DATASET EXCERPTS:
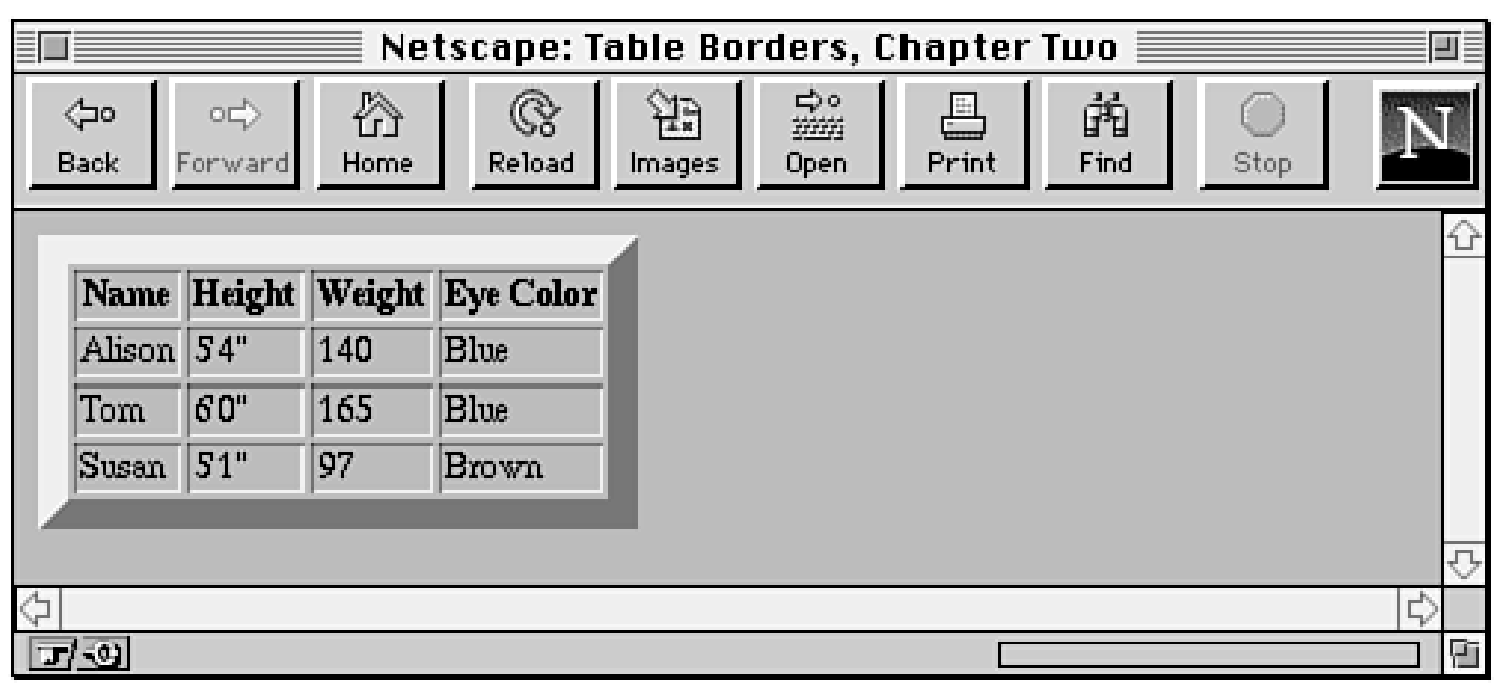 Figure 13.29 shows an example of a table with a border of 10 pixels.
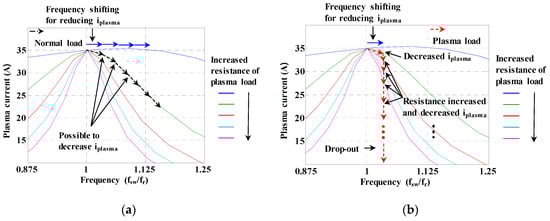 Description diagram of plasma drop-out: (a) frequency control method in resistive load; (b) frequency control method in plasma load.
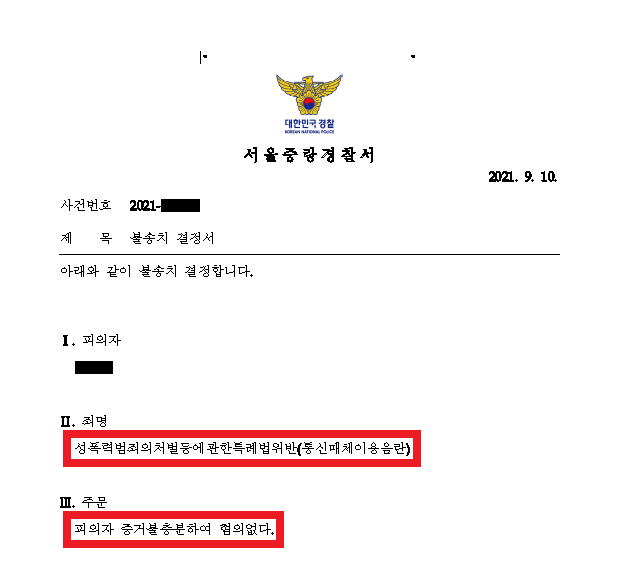 이러한 저의 조력을 바탕으로 A씨는 '불송치(혐의없음)' 결정을 받음으로써 성범죄 전과자가 될 위기에서 벗어날 수 있었습니다.
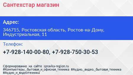 Сантехстар, магазин по адресу 346715, Ростовская область, Ростов-на-Дону, Индустриальная, 11 в дальнейшем Организация, размещена в следующих категориях:
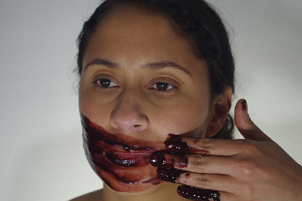 Rito y simulacro indaga y evidencia desde la sangre menstrual, propone una analogía con el uso y práctica de la pintura corporal en algunas comunidades aborígenes en el mundo. Se ritualiza la pintura del rostro como una forma de preparación ante el ciclo y propicia una relación mucho más cercana con este fluido corporal; la acción de manchar el rostro con menstruación es dejar la marca o la huella de lo que somos, expone la naturaleza femenina, el contacto y experimentación con el cuerpo. Carolina Castillo Carvajal
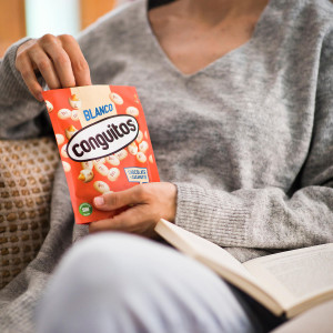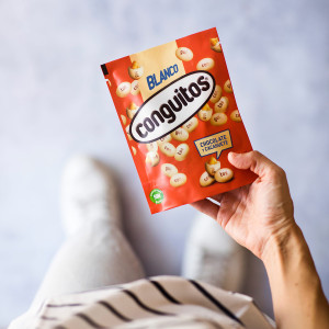 Cacahuetes tostados recubiertos de chocolate blanco. ¡Riquísimo!
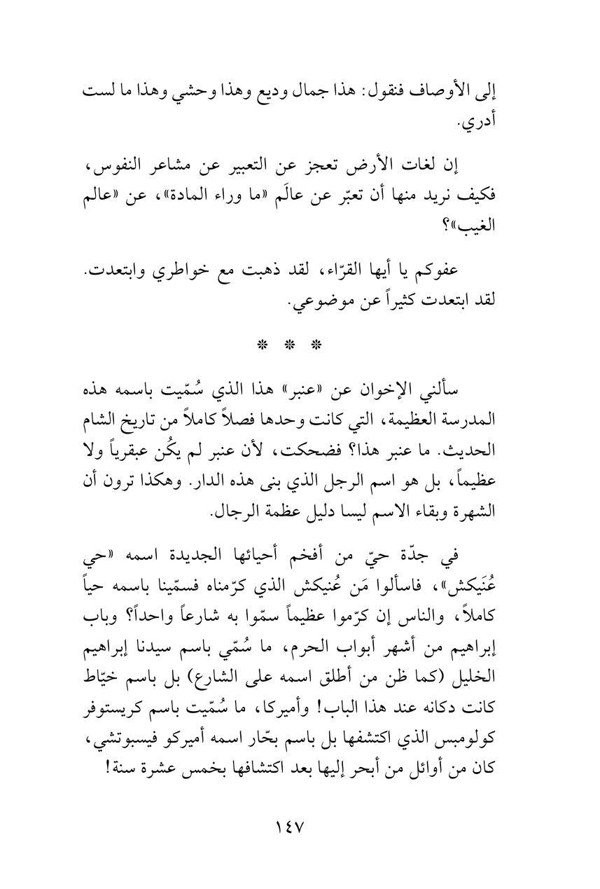 سألني الإخوان عن «عنبر» هذا الذي سُمّيت باسمه هذه المدرسة العظيمة، التي كانت وحدها فصلاً كاملاً من تاريخ الشام الحديث. ما عنبر هذا؟ فضحكت، لأن عنبر لم يكُن عبقرياً ولا عظيماً، بل هو اسم الرجل الذي بنى هذه الدار. وهكذا ترون أن الشهرة وبقاء الاسم ليسا دليل عظمة الرجال.
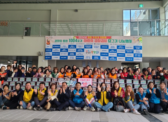올해 행사는 ‘2024년 광양읍 통합 1004포기 사랑의 김장김치 나눔’으로 확대 추진해 43개 단체·260여 명의 개인이 김장부터 배달까지 현장 나눔 실천에 동참했다.
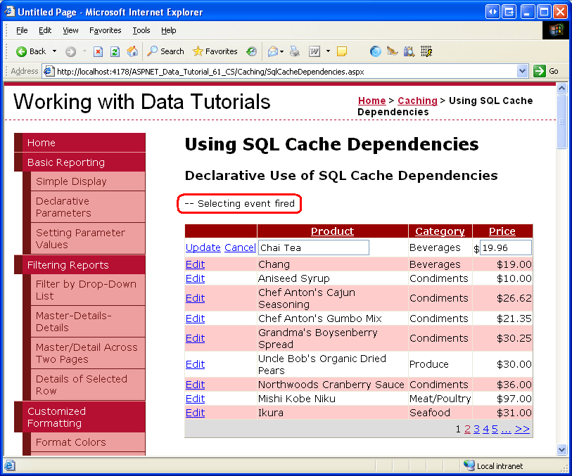 After paging through the grid and noting the lack of the 'Selecting event fired text, open a new browser window and navigate to the Basics tutorial in the Editing, Inserting, and Deleting section (~/EditInsertDelete/Basics.aspx). Update the name or price of a product. Then, from to the first browser window, view a different page of data, sort the grid, or click a row s Edit button. This time, the 'Selecting event fired should reappear, as the underlying database data has been modified (see Figure 10). If the text does not appear, wait a few moments and try again. Remember that the polling service is checking for changes to the Products table every pollTime milliseconds, so there is a delay between when the underlying data is updated and when the cached data is evicted.
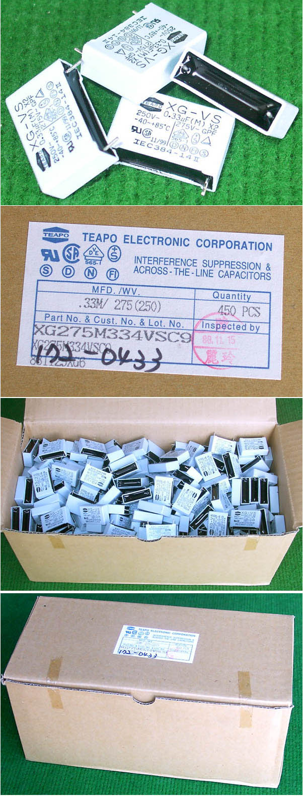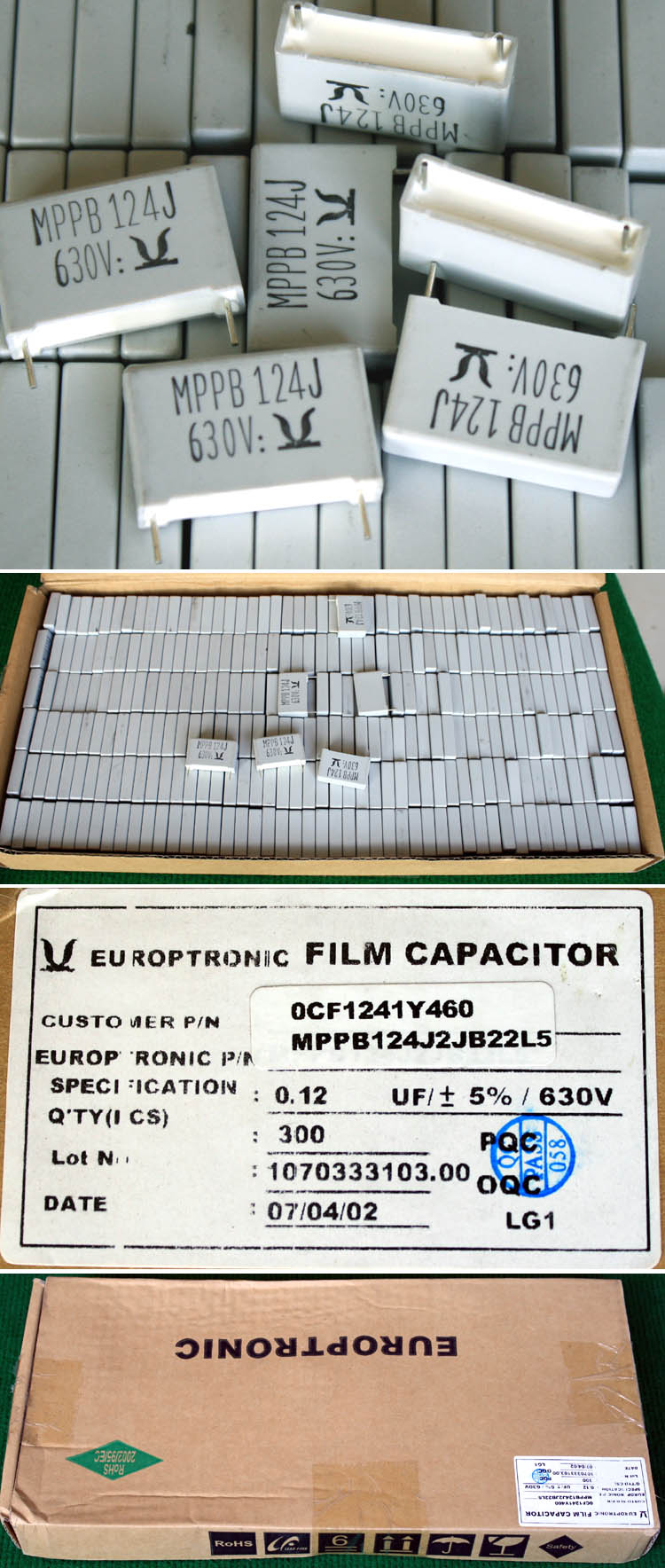 每盒包装数量300只,每盒重量约1200克,脚距22.5mm,0.12uF,电压630V。
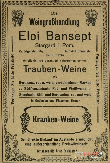 Lata 1920-1930 , O cennik prosimy pytać w hurtowni win Eloi Bansept. |
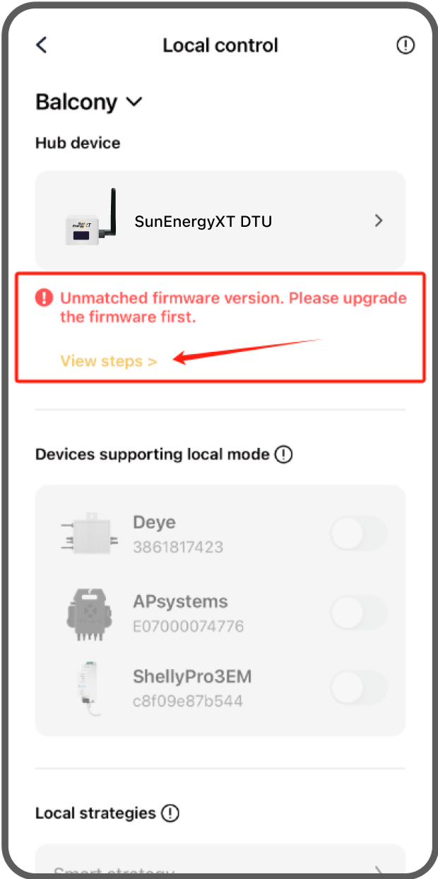 After adding the device, the system will verify the DTU firmware compatibility. If the firmware version isn't met, follow the in-app instructions to upgrade the firmware.
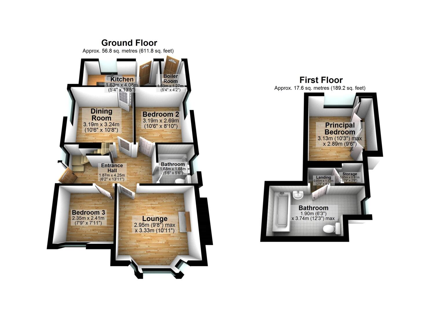 Internally the property comprises entrance hall, lounge, dining room, fitted kitchen and three bedrooms. There are bathrooms to the ground and first floor.
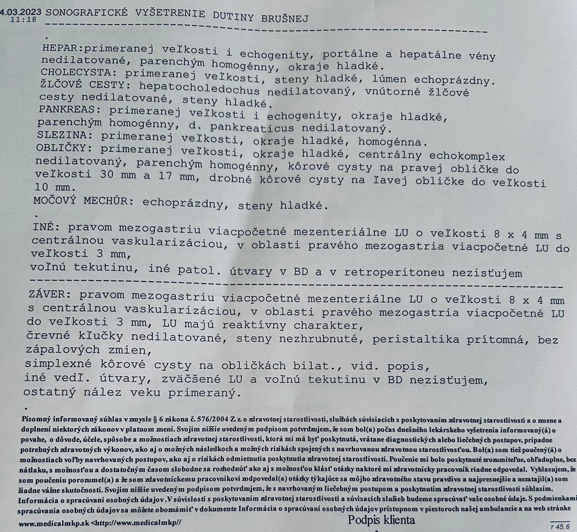 na sone brucha mi v oblasti čriev boli nájdené viacpočetné uzliny. Pani doktorka spomenula aj nejaké uzlíky.
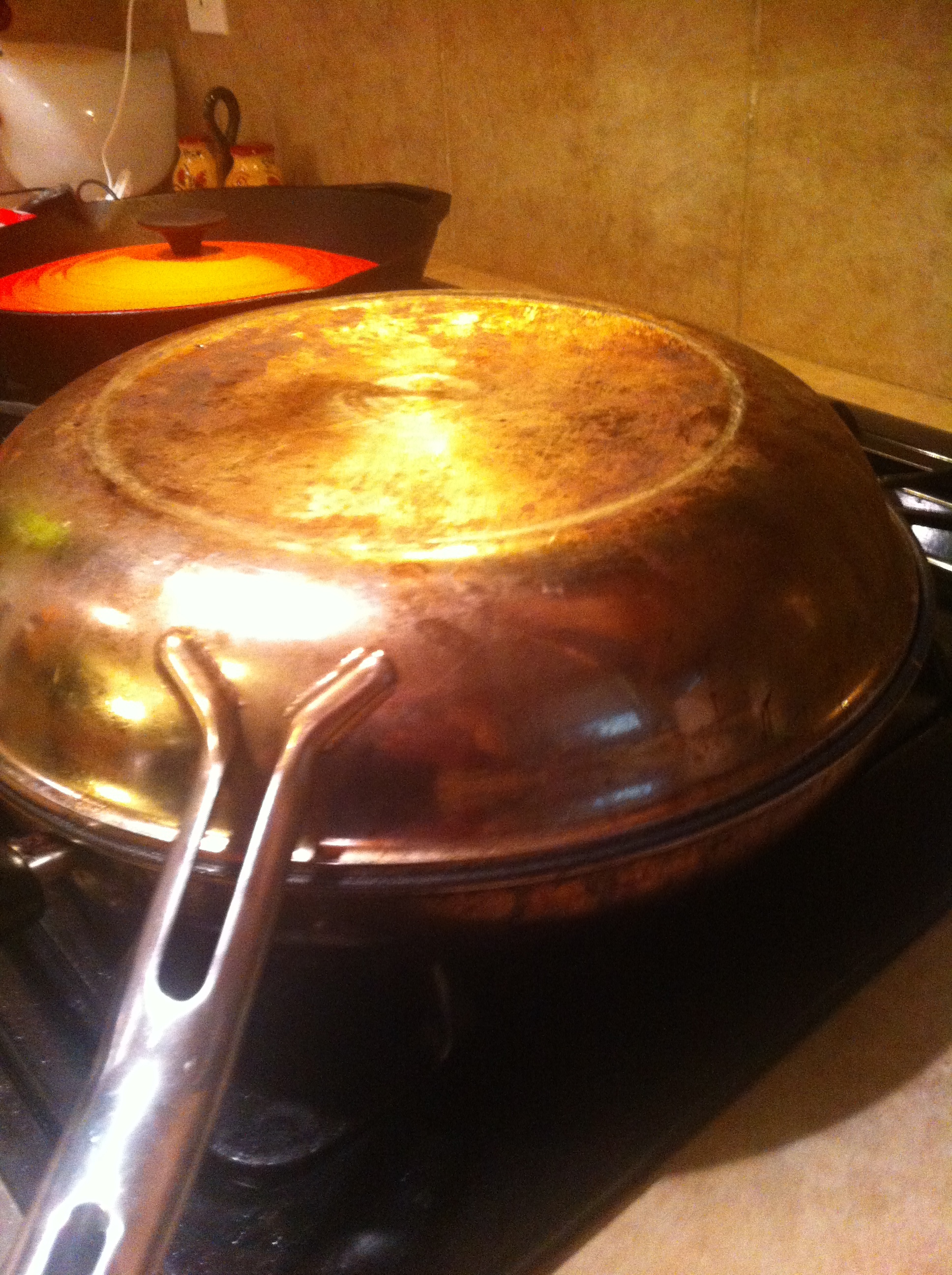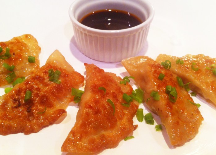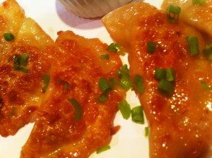 Heat the peanut oil in the non-stick skillet over medium heat until hot, then remove from heat and arrange dumplings in a tight circular pattern seam sides up in oil. Cook, uncovered, over medium heat until oil sizzles. Drizzle 1/3 cup of water over the pot stickers and cover for 8-10 minutes, I reduced my heat to low when I covered my pan. You never flip the pot stickers! Why they cook I cut up about two stocks of green onions and make the sauce.

TASK DESCRIPTION: Exactly as written, reproduce the lines from the beginning of the material through the line with "올해 행사는 ‘2024년", and skip any picture.

OUTPUT FOR THIS EXERCISE:
 Figure 13.29 shows an example of a table with a border of 10 pixels.
 Description diagram of plasma drop-out: (a) frequency control method in resistive load; (b) frequency control method in plasma load.
 이러한 저의 조력을 바탕으로 A씨는 '불송치(혐의없음)' 결정을 받음으로써 성범죄 전과자가 될 위기에서 벗어날 수 있었습니다.
 Сантехстар, магазин по адресу 346715, Ростовская область, Ростов-на-Дону, Индустриальная, 11 в дальнейшем Организация, размещена в следующих категориях:
 Rito y simulacro indaga y evidencia desde la sangre menstrual, propone una analogía con el uso y práctica de la pintura corporal en algunas comunidades aborígenes en el mundo. Se ritualiza la pintura del rostro como una forma de preparación ante el ciclo y propicia una relación mucho más cercana con este fluido corporal; la acción de manchar el rostro con menstruación es dejar la marca o la huella de lo que somos, expone la naturaleza femenina, el contacto y experimentación con el cuerpo. Carolina Castillo Carvajal
 Cacahuetes tostados recubiertos de chocolate blanco. ¡Riquísimo!
 سألني الإخوان عن «عنبر» هذا الذي سُمّيت باسمه هذه المدرسة العظيمة، التي كانت وحدها فصلاً كاملاً من تاريخ الشام الحديث. ما عنبر هذا؟ فضحكت، لأن عنبر لم يكُن عبقرياً ولا عظيماً، بل هو اسم الرجل الذي بنى هذه الدار. وهكذا ترون أن الشهرة وبقاء الاسم ليسا دليل عظمة الرجال.
올해 행사는 ‘2024년 광양읍 통합 1004포기 사랑의 김장김치 나눔’으로 확대 추진해 43개 단체·260여 명의 개인이 김장부터 배달까지 현장 나눔 실천에 동참했다.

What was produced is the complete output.